3. combine what you know of the example that you studied with the new information you’ve collected and consider the following question: 
how does the information you’ve gained access to change your impression of the work or the artist or alters the way you explain yourself how things happen in life (how does the new information alter your historical perspective)?
optional question: why do you think/feel it is important to share this story and make people aware of this information you’ve just discovered? what do you imagine to be a positive consequence to having this knowledge, this awareness?
task noº 2
time: set a timer together, you have however much time there’s left before end of class starting now.
1. share your findings and your excitement with each other. 
1.1 consider adding your observations to the map. consider using post-its, consider using thread: consider adding a layer of material to the map with which to create a sense of an additional timeline (parallel universe?), or suggest a way for the information to connect one to another in alternative ways.
1.2 consider sharing personal experiences and feelings with each other: the example you were studying, where did you learn about it? who or what did you learn it from? why does this example feel important? how did your feelings change, evolve, alter, now that you’ve learned this new thing about that thing you know so well?
1.3 you decide what’s important to share!
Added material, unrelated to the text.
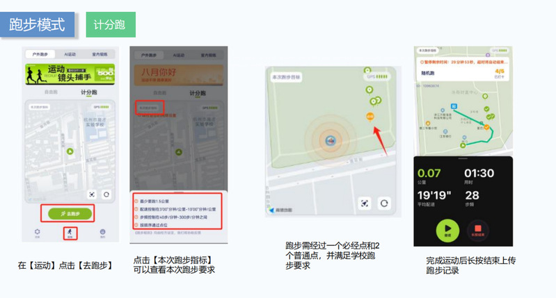 2.锻炼方式主要为跑步或快走,配速需要在软件要求的范围内,根据APP提示,在校园内完成。

0. this is not a race. if you spend 45 minutes considering the question: what do i actually care about? so be it. remember: a task is only as interesting as it creates the conditions for you to have an inspiring and an informative experience. do not rush. read between the lines. stay focused. follow your curiosity. it’s a fine balance. remember: the balancing point might a migrating one. and might not be a ssiinngguullaarr one.
1. i recommend you work alone. in case working alone feels irrelevant, consider working together alone. if working together alone feels irrelevant, consider working in pairs.
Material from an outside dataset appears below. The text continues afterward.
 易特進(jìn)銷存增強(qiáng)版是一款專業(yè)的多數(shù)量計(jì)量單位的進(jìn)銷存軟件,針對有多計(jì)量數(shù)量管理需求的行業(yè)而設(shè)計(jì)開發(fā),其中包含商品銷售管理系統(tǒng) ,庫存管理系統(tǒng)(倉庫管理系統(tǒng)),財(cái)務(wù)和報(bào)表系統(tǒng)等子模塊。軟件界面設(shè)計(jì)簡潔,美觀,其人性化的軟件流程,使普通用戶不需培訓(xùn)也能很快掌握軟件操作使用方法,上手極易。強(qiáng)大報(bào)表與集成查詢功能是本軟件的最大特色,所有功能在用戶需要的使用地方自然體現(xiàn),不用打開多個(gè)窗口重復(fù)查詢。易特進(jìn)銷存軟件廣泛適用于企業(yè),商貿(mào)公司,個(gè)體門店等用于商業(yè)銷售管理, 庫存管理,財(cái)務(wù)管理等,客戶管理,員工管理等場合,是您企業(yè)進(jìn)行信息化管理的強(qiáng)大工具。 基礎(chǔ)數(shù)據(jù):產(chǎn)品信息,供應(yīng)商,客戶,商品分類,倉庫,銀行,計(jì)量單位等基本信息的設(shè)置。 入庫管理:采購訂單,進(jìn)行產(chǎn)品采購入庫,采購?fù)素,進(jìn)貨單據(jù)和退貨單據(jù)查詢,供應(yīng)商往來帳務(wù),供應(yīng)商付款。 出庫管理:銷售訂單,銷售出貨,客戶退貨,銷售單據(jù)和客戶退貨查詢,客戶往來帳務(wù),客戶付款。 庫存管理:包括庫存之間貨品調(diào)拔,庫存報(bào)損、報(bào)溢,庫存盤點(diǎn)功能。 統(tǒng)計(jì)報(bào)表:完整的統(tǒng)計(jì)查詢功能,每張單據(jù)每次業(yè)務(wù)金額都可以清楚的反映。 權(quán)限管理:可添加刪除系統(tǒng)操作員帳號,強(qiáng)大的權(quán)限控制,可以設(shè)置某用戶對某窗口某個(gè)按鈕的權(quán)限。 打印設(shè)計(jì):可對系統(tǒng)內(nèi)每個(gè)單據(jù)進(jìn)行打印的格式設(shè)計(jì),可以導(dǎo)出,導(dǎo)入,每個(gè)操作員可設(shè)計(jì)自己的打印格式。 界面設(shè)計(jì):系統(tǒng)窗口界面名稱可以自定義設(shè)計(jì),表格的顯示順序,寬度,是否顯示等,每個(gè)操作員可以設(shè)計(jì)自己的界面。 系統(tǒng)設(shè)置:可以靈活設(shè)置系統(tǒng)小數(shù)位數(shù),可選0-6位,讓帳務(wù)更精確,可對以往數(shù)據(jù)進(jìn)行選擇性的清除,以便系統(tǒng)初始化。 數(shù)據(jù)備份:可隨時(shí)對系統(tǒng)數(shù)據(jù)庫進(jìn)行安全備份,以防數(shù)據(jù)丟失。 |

2. consider working alone but screaming your finding out in excitement just as soon as you’ve found it.
3. consider talking to someone about what it is you’re thinking about if ever you get stuck.
4. consider talking to yourself (aloud) about what it is you’re thinking about if ever you get stuck.
5. do not underestimate the power of laying on the floor and staring at the ceiling.
6. consider checking in with your feelings if ever you get stuck.
7. if you get stuck, are you rushing? are you trying to be faster than yourself? consider checking in with your feelings. with your thoughts. with your sensations. what you’re looking for is probably already in there somewhere, waiting for you to have the time to feel it, think it, sense it.
8. consider taking a dance break.
9. remember, even though this work requires you to read, and watch, and possibly write, think, and remember, what’s at stake is your dance practice. this work is not meant to be not physical. remind yourself of that when necessary. if the work starts feeling like it’s not physical, make any necessary adjustment to make it physical. take a note of the adjustment you’re making, if you can––for future reference. 
i will check in via zoom at the beginning of the class to make sure you’re good to go.
i will remain available on zoom for the duration of the class, in case questions arise. i can be there for a casual conversation, too. i can host a break. 
this is probably our last class at least until christmas. if any urgent questions arise you’d like to ask me, my email is
i will be sending you a reading/ listening/ watching list soon to support your self-study in the coming months in relation to the topics and experiments we’ve touched upon this semester. this list is not mandatory, stardust.